Within the framework there are multitudes of plugin packages that contain said elements and many of them are built on top of ffmpeg.
In both cases you are best off restricting things to what you actually use.
Different cases really I think both are good.
Gstreamer has a different model, chaining together plugins. Lots of overlap, but I think Gstreamer only has real traction because some silicon vendors use it.
ffmpeg's core functionality (encode, decode, streams, pipes, channels) are all implemented in `libav` which gstreamer links against.
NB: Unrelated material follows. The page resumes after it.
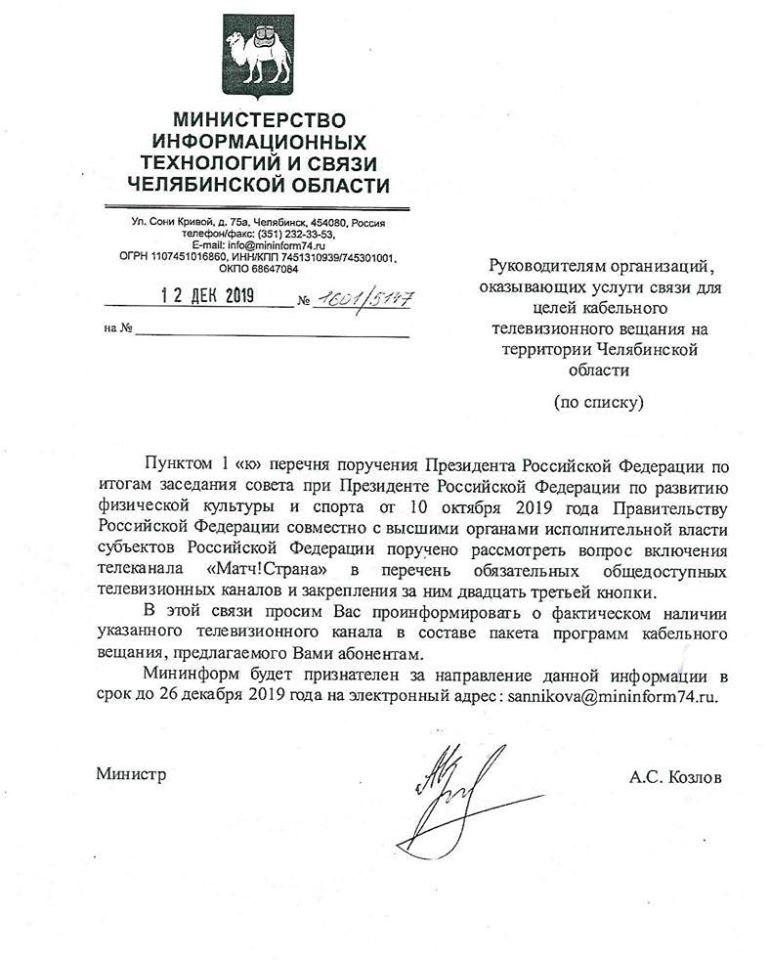 В связи с этим поручением региональные министерства связи направляют местным ТВ-операторам запросы о фактическом наличии этого телеканала в их пакетах. Министерство информационных технологий и связи Челябинской области ожидает получить эту информацию до 26 декабря 2019 года на электронный адрес ведомства.

ffmpeg and other media frameworks (Windows Media Foundation, Apple’s AVFramwork) only support static pipelines. You can use “switcher” components but the inputs are still static.
GStreamer is extremely special. The only thing that comes close was Microsoft’s DirectShow, which has since been replaced with Media Foundation which can’t do it. And while DirectShow did support it, it was fragile because many 3rd party filters did not support dynamic configuration.
GStreamer does use ffmpeg, but it just wraps the core encoder/decoder/filter code and discards the streams/graph/pipe part of ffmpeg.
FFmpeg doesn't do “pipelines”. It's a library, not a framework.
"GStreamer" doesn't link against libav. The GStreamer plugin "gst-libav" links against libav. If you're not using the gst-libav, you're not using ffmpeg. I'd bet a relatively small amount of GStreamer use cases use gst-libav; I typically see people use e.g x264dec and x264enc (from the x264 plugin) to decode and encode media, or, for hardware encoding/decoding, the v4l2enc and v4l2dec elements (or elements from a SoC vendor's plug-in such as gst-rockchip). It also has its own non-libav elements to handle container formats, pixel format conversion, scaling, etc, which are more natural to use since they're part of the core gstreamer plug-in packages rather than gst-libav.